Вкратце позиция Латыниной сводится к следующему: по-своему героических, но по-детски наивных правозащитников «втемную» используют в своих целях коварные исламисты, мешающие строить Рамзану Кадырову светлое чеченское будущее. В качестве хитроумного агента мирового джихада представлен сам Ислам Умарпашаев, в качестве кучки полезных правозащитных идиотов, точащих «чистую слезу» — Сводная мобильная группа российских правозащитных организаций. И тех и других автор легко выводит на чистую воду прямо из своего московского офиса.
В связи с тем, что именно я являюсь руководителем данной группы, считаю необходимым высказаться.
Отвечать Юлии Леонидовне нелегко — как всегда не легко давать развернутую отповедь на вскользь, как бы играючи брошенное обвинение. Тем более, что в статье Латыниной содержится целый букет риторических приемов, которые в учебниках по формальной логике обычно определяются в качестве разнообразных форм смысловых подмен. Так, о качестве расследовании дела она судит вовсе не по его документальным материалам, а исключительно по популярному телесюжету. Претензии, тем не менее, предъявляются вовсе не телевизионщикам, которые не смогли втиснуть в десятиминутный ролик все 32 тома уголовного дела, а правозащитникам. А так как на поставленные правозащитникам вопросы ответов в ролике не находится, то виноватым оказывается… Умарпашаев. Виноватым, понятное дело, в принадлежности к боевикам.
Далее Латынина высказывает уже не догадки, а собственный излюбленный подход к проблеме борьбы с исламским терроризмом. В соответствии с этим подходом у боевиков нет ни презумпции невиновности, ни права на суд, а всякий, кто их защищает, по сути, является их пособником (примерно в таком же ключе, только менее витиевато, высказывается и любимый автором Рамзан Ахматович Кадыров). Правом же определять, кто является боевиком, а кто нет, наделен любой чеченский опер, да еще, судя по смелости допущений, и сама госпожа Латынина — ввиду её исключительной прозорливости.

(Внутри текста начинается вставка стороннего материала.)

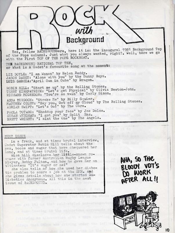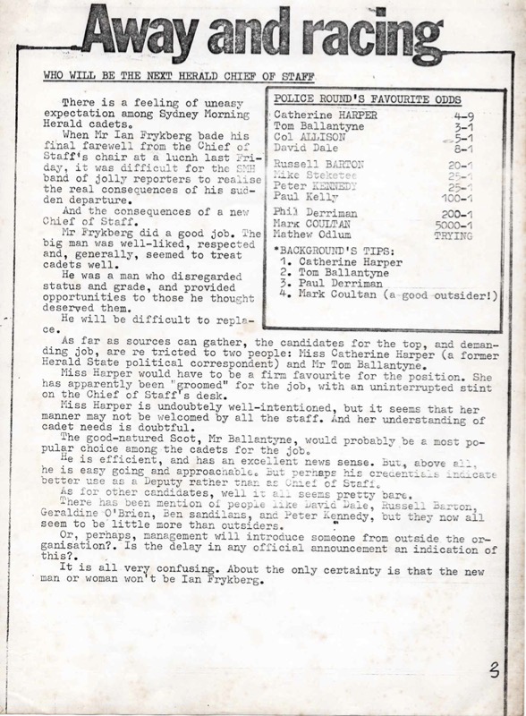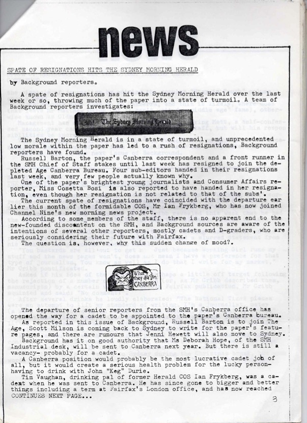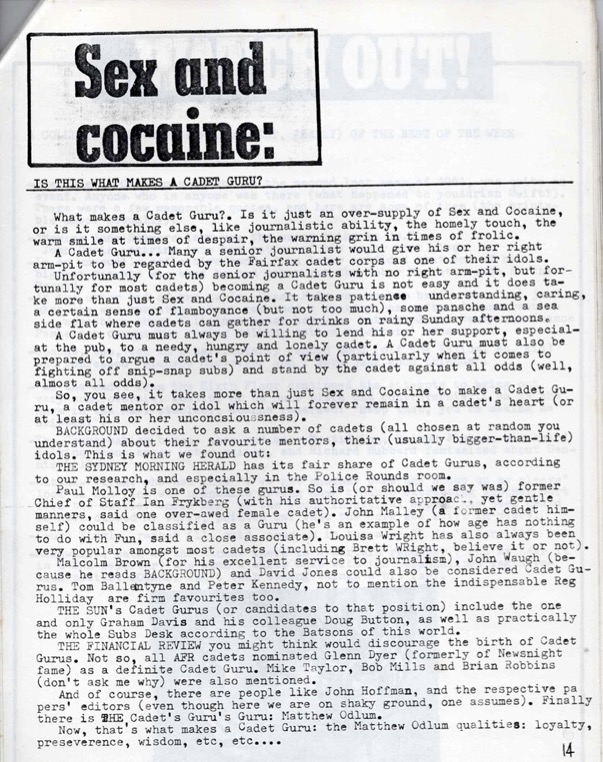 But the urge to write was strong, and so emerged an “underground” newsroom newsletter driven by the cadets. Part fact, part farce, part rumour, each edition of Background was eagerly awaited by journos young and old, but did ruffle some feathers, with the editors being hauled before management after one story. They were allowed to continue publishing, under some “adult” supervision.
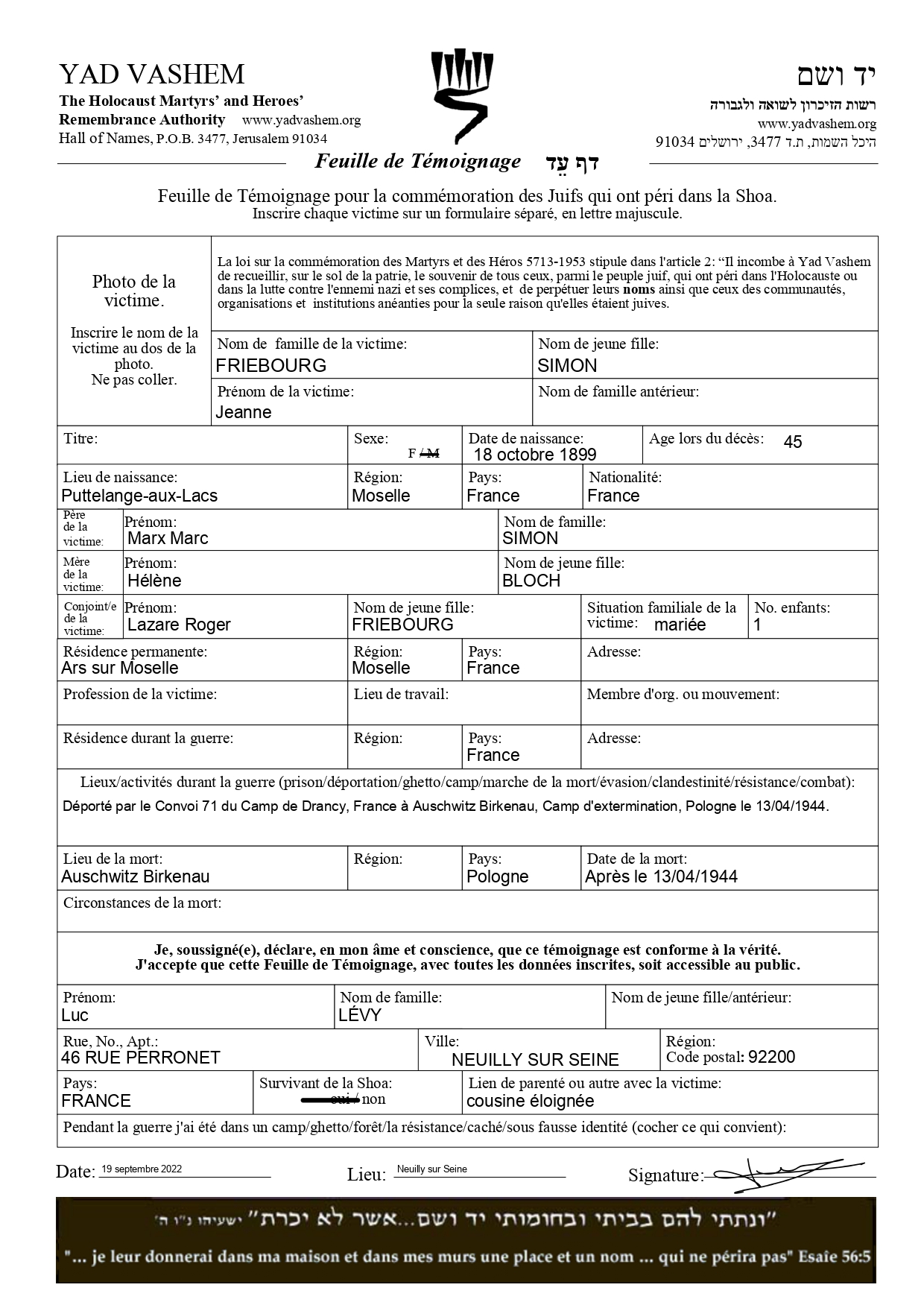 Фрибург | Жан | 1899 | Ars-sur-Moselle, France | Лист свидетельских показаний |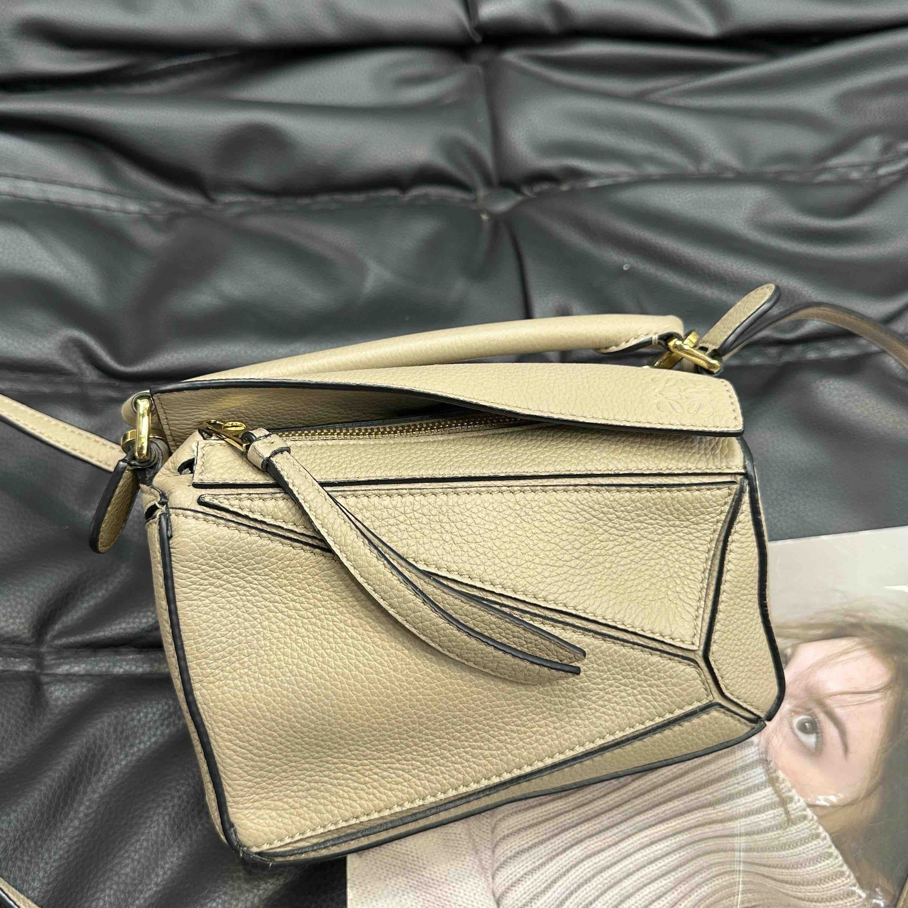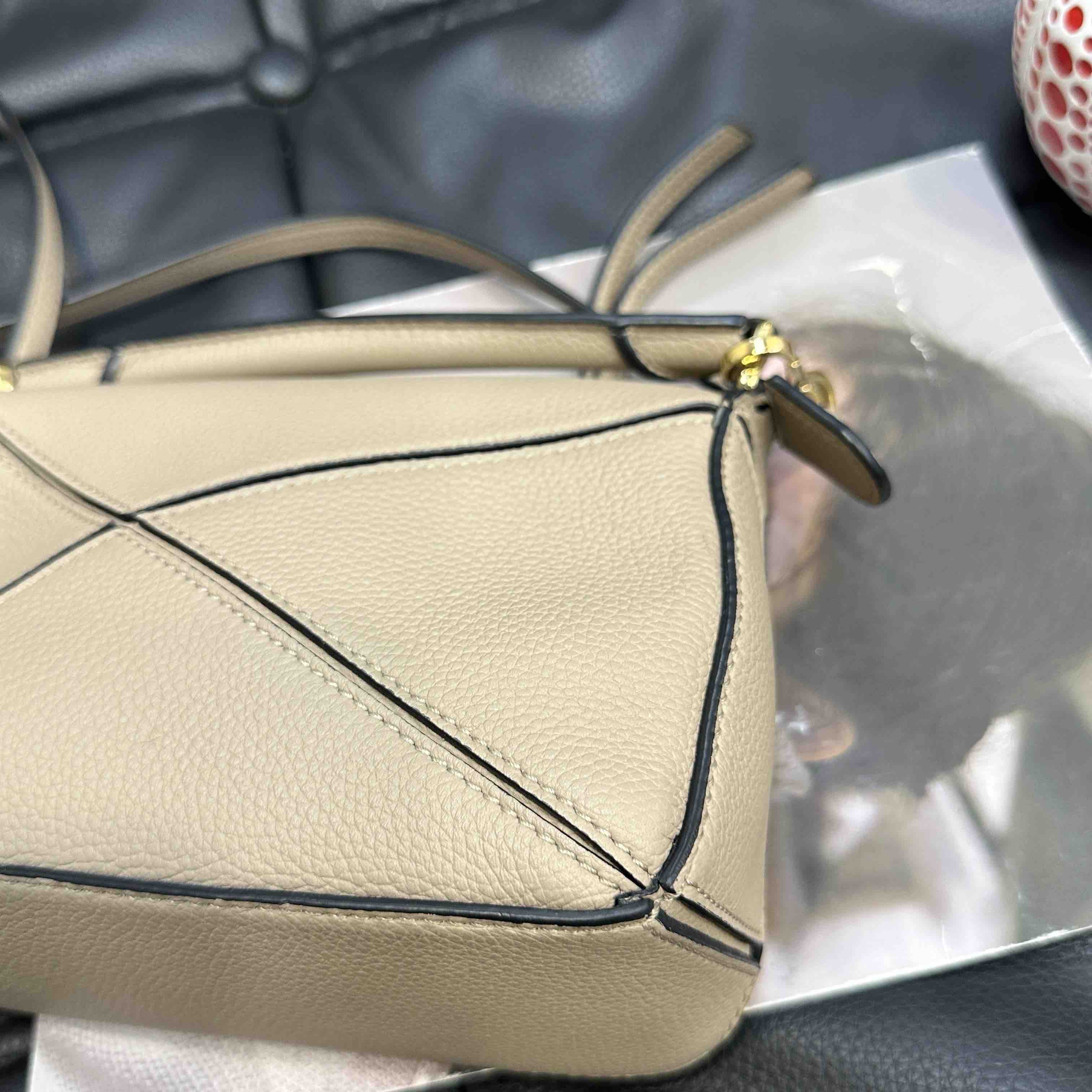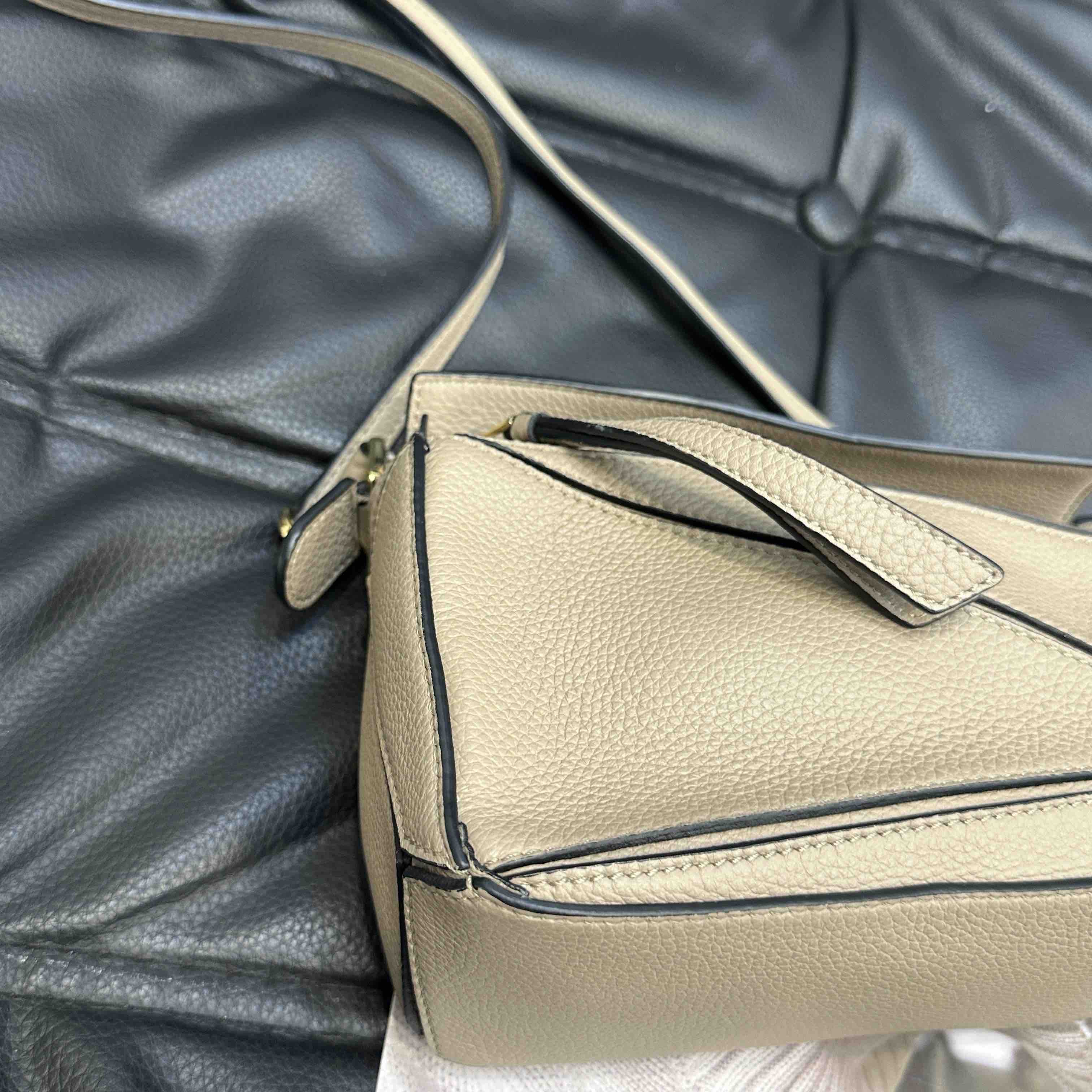 【商品详情】正品二手 罗意威 puzzle mini 沙色 牛皮 几何包 🥝 97新 17×11 配件:肩带。包型有塌陷褶皱 其他状态良好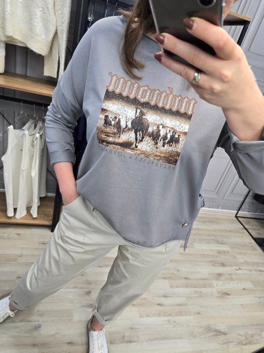 Shirt Bluse Agnes - Minouu Pferde UNI grau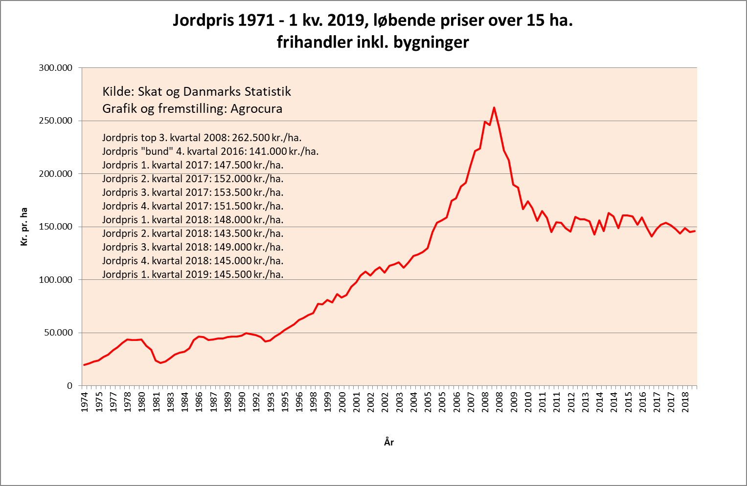 Der er blevet omsat 9.663 hektar i 1. kvartal 2019. Det giver en omsætningshastighed på 67 år, hvilket fortsat er det dobbelt af, hvad den historiske omsætningstalsagtighed er. Med de udsigter på indtjening og den lave renter venter vi en stigende omsætning de kommende år. Selvom der er meget til salg kan der gå stærkt (har historien tidligere vist) med at få omsat langt flere hektarer. Det vil være positivt for erhvervet og vil uden tvivl medføre stigende jordpriser.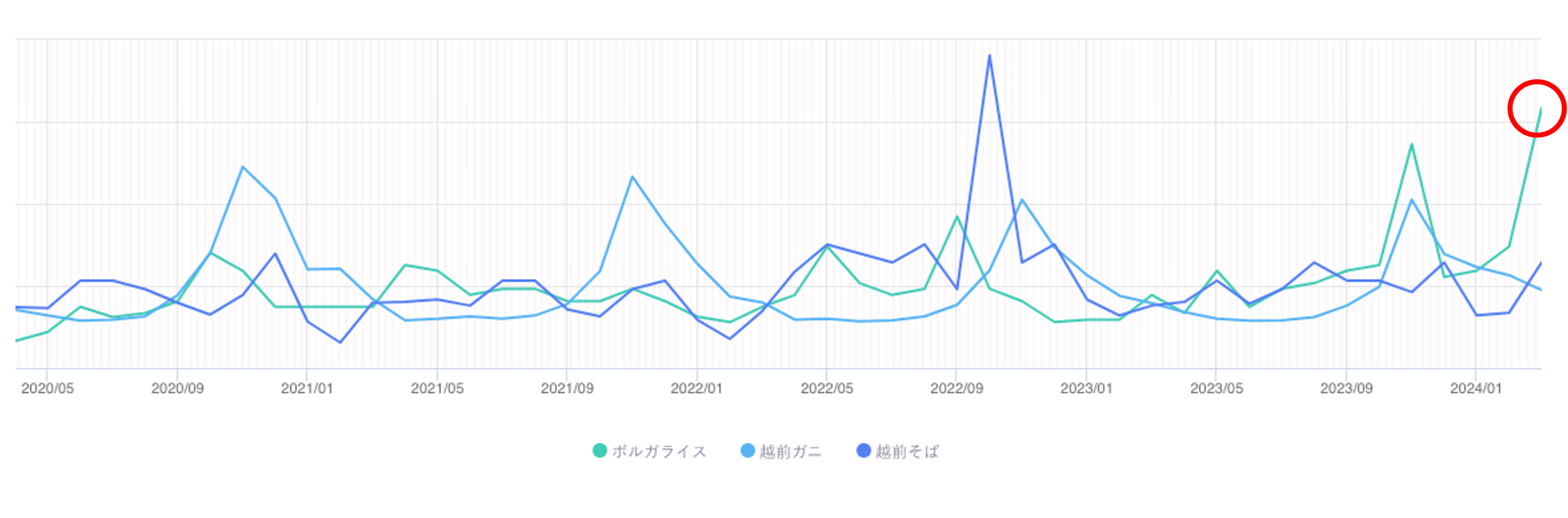 福井県を代表するご当地グルメ「越前ガニ」「越前そば」と「ボルガライス」の検索推移を比較しても、その伸びを見て取ることができ、今後も注目が続けば福井県=「ボルガライス」としてより確立したブランドに繋がることも考えられます。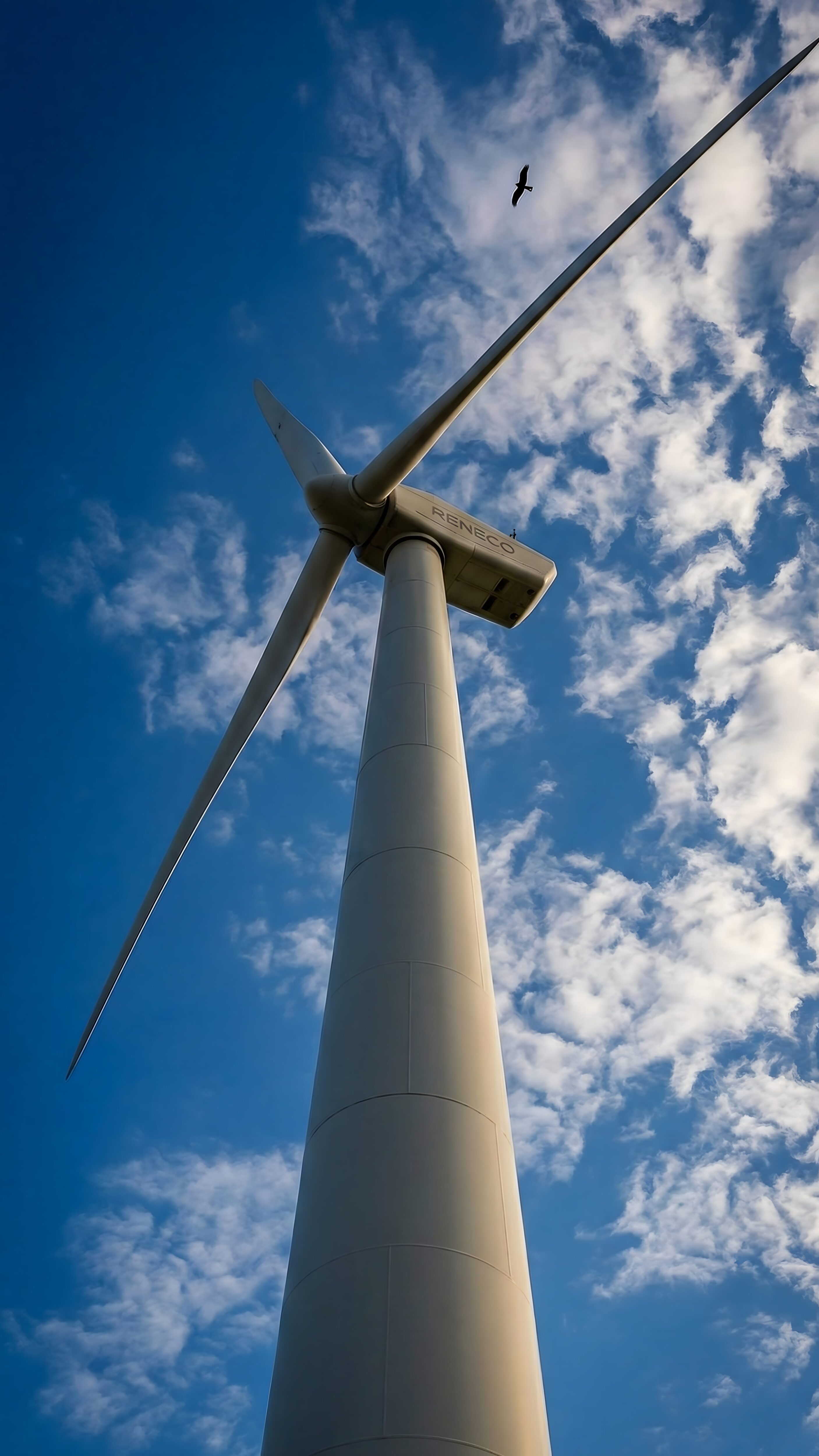 Wind Turbine Blue Sky 4K: Sharp Aesthetic Mobile Wallpaper

Исходя из этого, представляется правильным сначала ответить на «коварные» вопросы технического характера, а потом перейти к правовым представлениям автора.
Первый вопрос такого рода касается сломанного носа и окровавленной повязки на лице Умарпашаева — именно в таком виде Ислам дает «Центральному телевидению» свое интервью. Однако между предполагаемыми пытками и съемками нашего героя прошло уже два года. Латынина обращает особое внимание на это «весьма странное» обстоятельство, по всей видимости, намекая на то, что Умарпашаев уже полтора года лупит себя втихаря табуретом по сломанному носу, специально чтобы «разводить» нас – героев-лохов, а заодно сняться в НТВ, ежели оно вдруг забредет в дремучие Нижегородские леса.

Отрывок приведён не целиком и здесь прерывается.